SLEMAN, LINES.id – Gunung Merapi kembali erupsi malam ini. Erupsi kali ini terjadi pada pukul 19.25 WIB, seperti dilansir detikcom.

“Terjadi erupsi di Gunung Merapi tanggal 28 Maret 2020 pukul 19.25 WIB,” demikian disampaikan Balai Penyelidikan dan Pengembangan Teknologi Kebencanaan Geologi (BPPTKG) melalui akun Twitternya @BPPTKG, Sabtu (28/3/2020).

Erupsi gunung yang berada di perbatasan Jawa Tengah dan Daerah Istimewa Yogyakarta (DIY) ini tercatat di seismogram dengan amplitudo 75 mm dan durasi 243 detik. Erupsi ini menjadi yang kedua setelah erupsi pada pagi tadi pukul 05.21 WIB.

Status Gunung Merapi masih waspada sejak 21 Mei 2018.

Sebelumnya, Gunung Merapi erupsi 3 kali

Dilansir detikcom, Gunung Merapi erupsi tiga kali sejak kemarin hingga pagi tadi. Erupsi tersebut menghasilkan kolom masing-masing 1.000 meter hingga 5.000 meter.

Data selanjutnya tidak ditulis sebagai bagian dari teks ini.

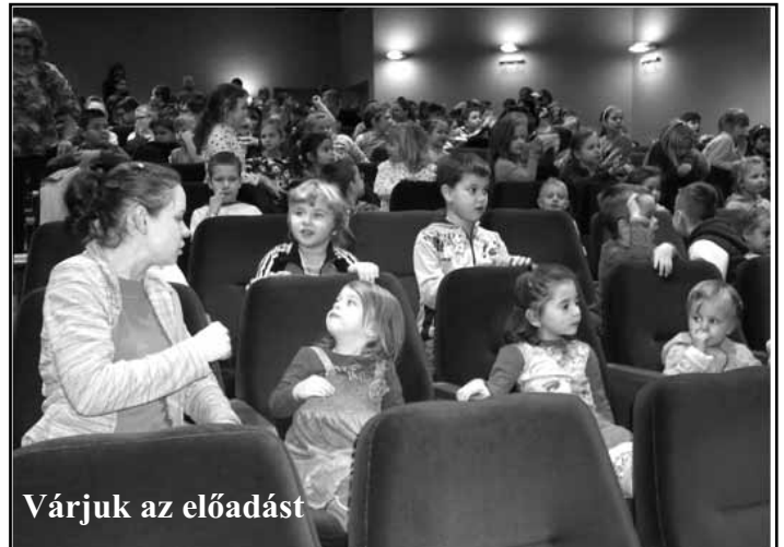
Várjuk az előadást

A készülődés hangulatát fokozta a színházlátogatás, Kisbéren néztük meg a „A suszter és a karácsonyi manók” történetét.

Masing-masing erupsi itu terjadi pada 27 Maret 2020 pukul 10.46 WIB, pukul 21.46 WIB dan tanggal 28 Maret 2020 pukul 05.21 WIB. Seismograf merekam letusan dengan amplitudo masing-masing 40 mm dan 50 mm dengan durasi 180 detik.

BPPTKG mencatat letusan semalam dan pagi tadi murni erupsi berupa gas dan tidak ada awan panas.

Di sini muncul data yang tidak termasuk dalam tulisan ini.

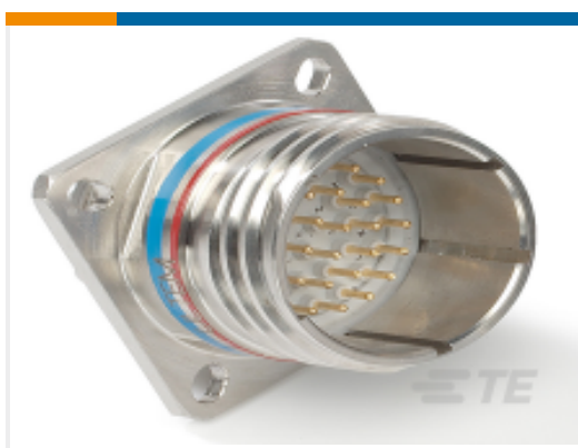
TE 产品编号 CAT-D38999-DTS4N D38999: Square Flange, 11-05 insert

“Tidak teramati adanya awan panas dari letusan ini. Sehingga VONA (Volcano Observatory Notice for Aviation) diterbitkan dengan kode warna Orange,” kata Kepala BPPTKG Hanik Humaida dalam keterangan tertulisnya, Sabtu (28/3/2020).

Angin saat erupsi Gunung Merapi terjadi mengarah ke barat. Hujan abu tipis dilaporkan terjadi dalam radius 5 km dari puncak Merapi terutama pada sektor barat.

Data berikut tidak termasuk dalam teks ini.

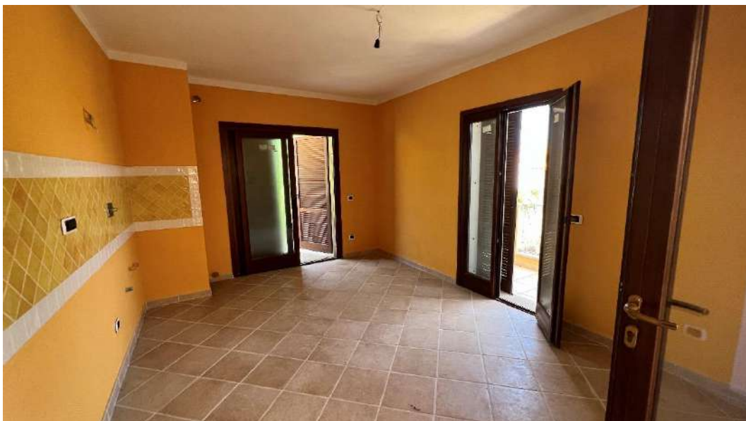
Figura 1 – Viste del subalterno 42
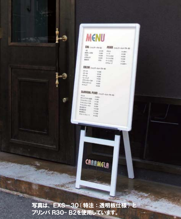
写真は、EXS-30（特注：透明板仕様）とプリンバ R30-B2を使用しています。
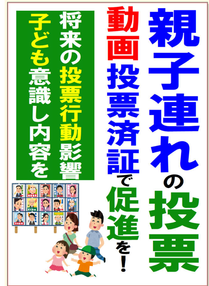
質問時使用パネル
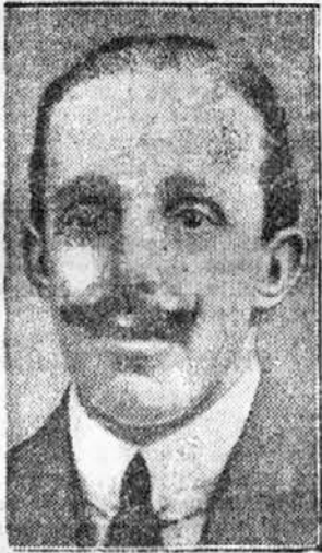
Španski kralj Alfonz XIII.
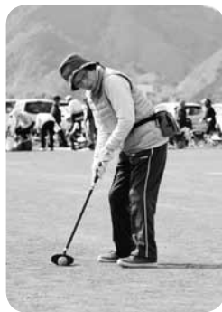
打つ前の真剣な表情 狙うはホールインワン
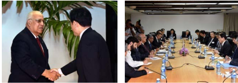
Reunión con el Excmo. Sr. Ricardo Cabrisas Ruiz, Vicepresidente del Consejo de Ministros

(i) Expresando su deseo de fortalecer las relaciones económicas entre los dos países, el Canciller Kishida subrayó la importancia de mejorar el ambiente de negocios en Cuba, y el interés en la Zona Especial de Desarrollo Mariel y la nueva Ley de Inversión Extranjera. El Canciller Kishida también explicó que se iniciará una donación a gran escala y que se había propuesto la creación de una comisión mixta en el sector público empresarial.
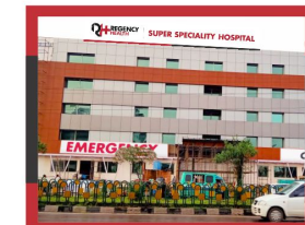
REGENCY HOSPITAL LUCKNOW

“Menjangkau wilayah kecamatan Krinjing, Kabupaten Magelang,” jelasnya.

Gunung merapi
Gunung merapi erupsi (sumber: cnnindonesia)

Hanik mencatat, seismisitas setelah erupsi tanggal 27 Maret 2020 pukul 10.46 WIB didominasi gempa LF yaitu sebanyak 24 kali, hembusan 11 kali, guguran 2 kali, dan MP 2 kali. Deformasi tidak menunjukkan perubahan yang signifikan.

“Data observasi ini menunjukkan bahwa menjelang letusan adanya fluida yang bergerak ke permukaan. Tetapi tekanan tidak cukup kuat karena material letusan didominasi oleh gas vulkanik,” ucapnya.

Lebih lanjut, Hanik menjelaskan rentetan tiga kali erupsi Gunung Merapi selama hampir 24 jam ini menandakan adanya pergerakan magma ke permukaan. Namun, pihaknya masih akan mengecek kembali berapa kecepatan magma yang ke permukaan.

“Ini kita indikasikan (magma) sudah menuju ke yang lebih dangkal karena tadi kita sampaikan dominasi kegempaan LF nya. Tapi akan kami pastikan kembali berapa kedalaman magma itu,” ungkapnya.

“Kejadian letusan semacam ini masih dapat terus terjadi sebagai indikasi bahwa suplai magma dari dapur magma masih berlangsung. Ancaman bahaya letusan ini berupa awanpanas dan lontaran material vulkanik dengan jangkauan kurang dari 3 kilometer,” pintanya.

Sejauh ini, dari pengamatannya belum ada perubahan yang signifikan terhadap deformasi kubah lava. Oleh karenanya dia mengimbau agar masyarakat tetap waspada dan mematuhi jarak aman yakni pada jarak lebih dari 3 kilometer dari puncak Gunung Merapi.